For 74 Landsat8 input scenes, first trials took about 42 hours, running
grass-7.3.svn inside a docker container, albeit assigned one CPU.

Part 2 concerns building Time Series by:

1. Creating and LST Spatio-Temporal Raster Dara Set (STRDS)
2. Registering LST maps in TGIS' data base
3. Smoothing the LST STRDS via Local Weighted Regression (r.series.lwr)
4. Timestamping Local-Weight-Regression derived maps
5. Creating an STRDS for LWR maps
6. Registering LWR maps in TGIS' data base

Part 2 took about 130 minutes including all steps. Obviously, step 3 is
practically the consumer.

Overall it took about 44 hours to build an LWR Smoothed LST STRDS.

After proofing the concept, good use of the cluster concerns steps 2, 5,
7 and 8 (of Part 1).
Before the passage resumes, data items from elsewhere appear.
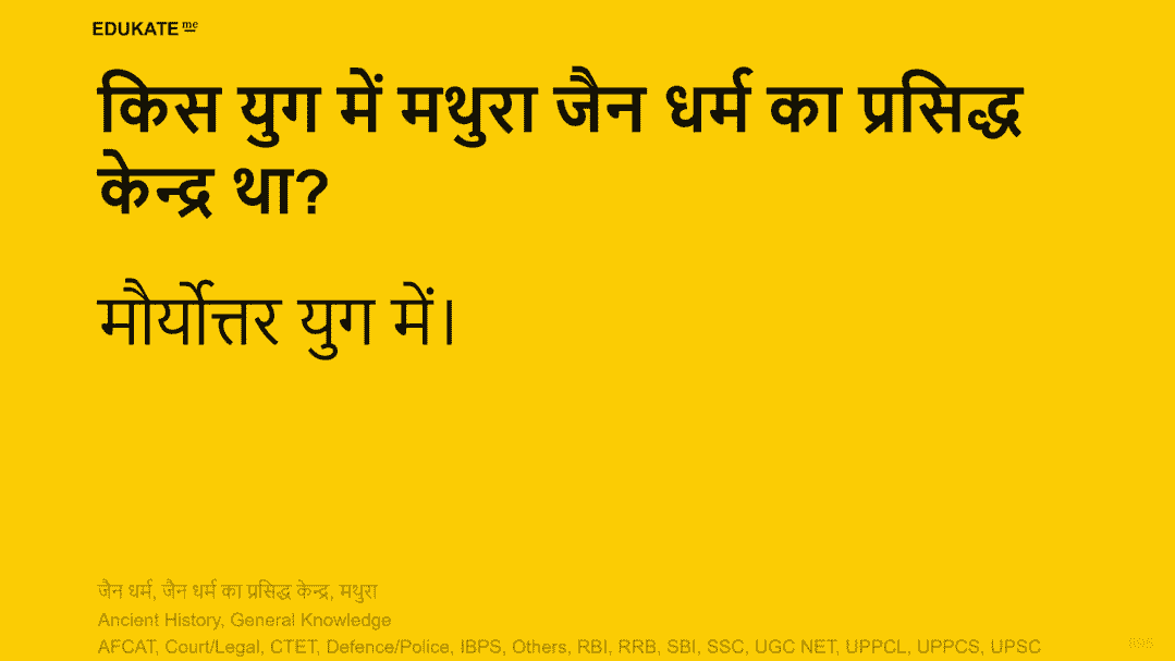 Kis yug mein mathura jain dharm ka prasiddh kendr tha?
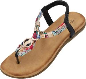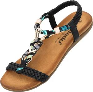 Sandalen Damen Thido - elegante Pantoletten - bequeme Sommerschuhe mit elastischen Riemen - modische Hausschuhe Schwarz UK5,5 - EU38
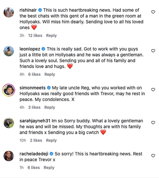 Loose Women star Kellé Bryan, who played Trevor’s on-screen daughter Martine Deveraux, led the touching messages.
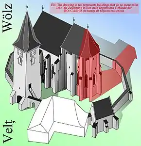 ![]() Biserica fortificată din Velț ![]() Machetă - Machetă pentru biserica din Velţ ![]() Planul fortificaţiei din Velţ | |
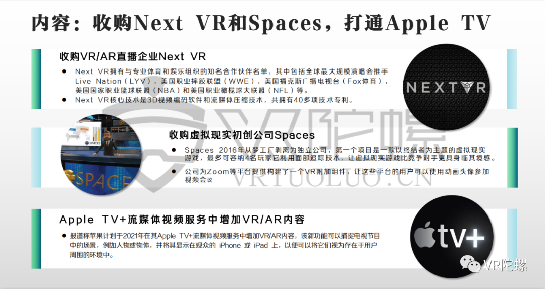 苹果底层的链条布置完善,这两年开始有内容生态上的动作。收购VR/AR直播企业Next VR、收购虚拟现实初创公司Spaces、Apple TV+流媒体视频服务中增加VR/AR内容,在我们看来也是内容生态上重要的一步。

Processes that can/should run in parallel, in an
(admittedly heterogeneous) cluster that consists of 912 cores.

Final concern is if multi-threading applies to r.series.lwr (step 3 of
Part 2).

Thank you, Nikos

On Fri, Nov 3, 2017 at 7:08 PM, Nikos Alexandris <nik@nikosalexandris.net> wrote:

Before processing tens of thousands of Landsat8 TIRS bands, a script
tests the workflow described below, for 74 scenes, that correspond to one
WRS2 tile.

The script takes as inputs:

path to directory with Landsat scenes
regex pattern to match a set of Landsat scene identifiers
land cover map
path to the GRASS GIS data base
name for the GRASS GIS Location
name for the GRASS GIS Mapset to host maps to build a time series
an odd integer, parameter for a split-window algorithm (SW)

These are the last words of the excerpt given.